# Lern- Schul-SPS Auflösung



## SPS-pit (12 Februar 2011)

Hallo

So schnell kann´s gehen! Vorerst reserviert für........ :-D...

Danke!


----------



## Rudi (12 Februar 2011)

SPS-pit schrieb:


> Hallo
> 
> So schnell kann´s gehen! Vorerst reserviert für........ :-D...
> 
> Danke!



Und was soll das bedeuten. Bitte mal für normale Leute übersetzen.


----------



## SPS-pit (13 Februar 2011)

Moin

Bedeutet das die Anlage als Komplettpaket verkauft ist!   der Fred kann also geschlossen werden!

grüße,pit


----------



## Ralle (13 Februar 2011)

SPS-pit schrieb:


> Moin
> 
> Bedeutet das die Anlage als Komplettpaket verkauft ist!   der Fred kann also geschlossen werden!
> 
> grüße,pit



Dann solltest du trotzdem niemals den ursprünglichen Start-Thread überschmieren, sondern einen weiteren Beitrag anfügen, der erklärt, daß alles weg ist.

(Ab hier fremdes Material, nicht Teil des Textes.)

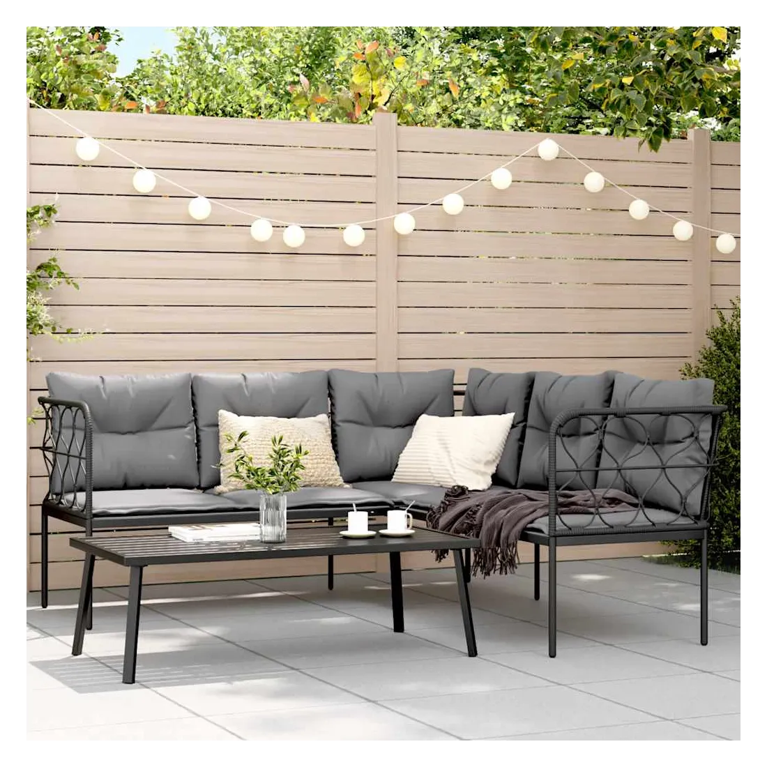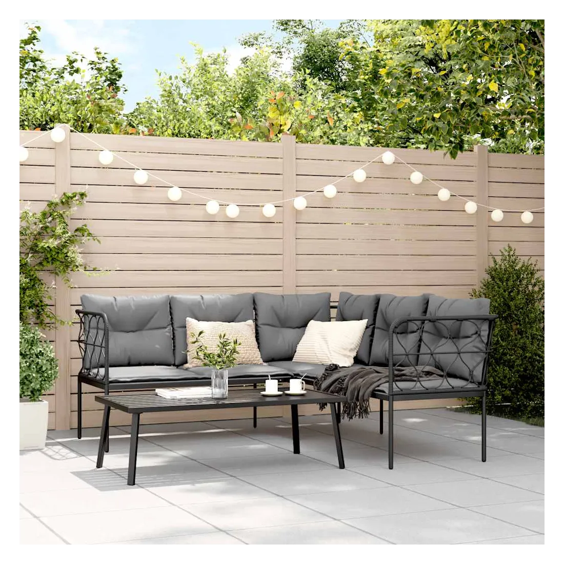 Cet ensemble de canapés de jardin est le complément parfait de votre jardin, terrasse ou patio, offrant un espace confortable et accueillant pour discuter avec la famille et les amis ou simplement se détendre et profiter de l'extérieur. Cadre robuste et stable : le cadre en acier enduit de poudre assure la solidité et la stabilité du meuble de jardin pour une utilisation quotidienne à l'extérieur.Durable et longue durée de vie : le tissu textilène est apprécié pour sa durabilité, résistance à l'eau et à la décoloration, facilité d'entretien et protection contre les rayons UV et la moisissure, ce qui en fait un choix idéal pour le meuble d'extérieur et les structures d'ombrage.Expérience d'assise confortable : ce mobilier d'extérieur, doté de coussins épais, offre une expérience d'assise confortable.Housse amovible et lavable : ces coussins de siège sont dotés de housses amovibles pour un lavage et un entretien faciles.Dessus robuste : le dessus robuste de la table de patio est idéal pour placer vos boissons ou tout autre article dont vous avez besoin à portée de main. Bon à savoir :Pour que vos meubles d'extérieur restent beaux, nous vous recommandons de les protéger avec une housse imperméable.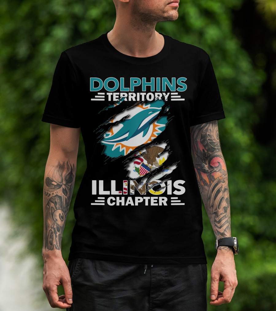 Dolphins Territory Illinois Chapter Miami Dolphins Logo And Illinois Flag T-Shirt

Ist in diesem Fall zwar nicht so entscheidend, weil es nun niemanden mehr wirklich interessiert, aber wenn das in jedem Frage-Thread hier so wäre, könnte niemand mehr etwas mit den gegebenen Antworten anfangen.

Denke, nach über einem Jahr Anmeldung hier im Forum, sollte man das schon wissen.


----------



## SPS-pit (14 Februar 2011)

hey...

sorry..hast recht.......mein fehler!!!!!

grüße


----------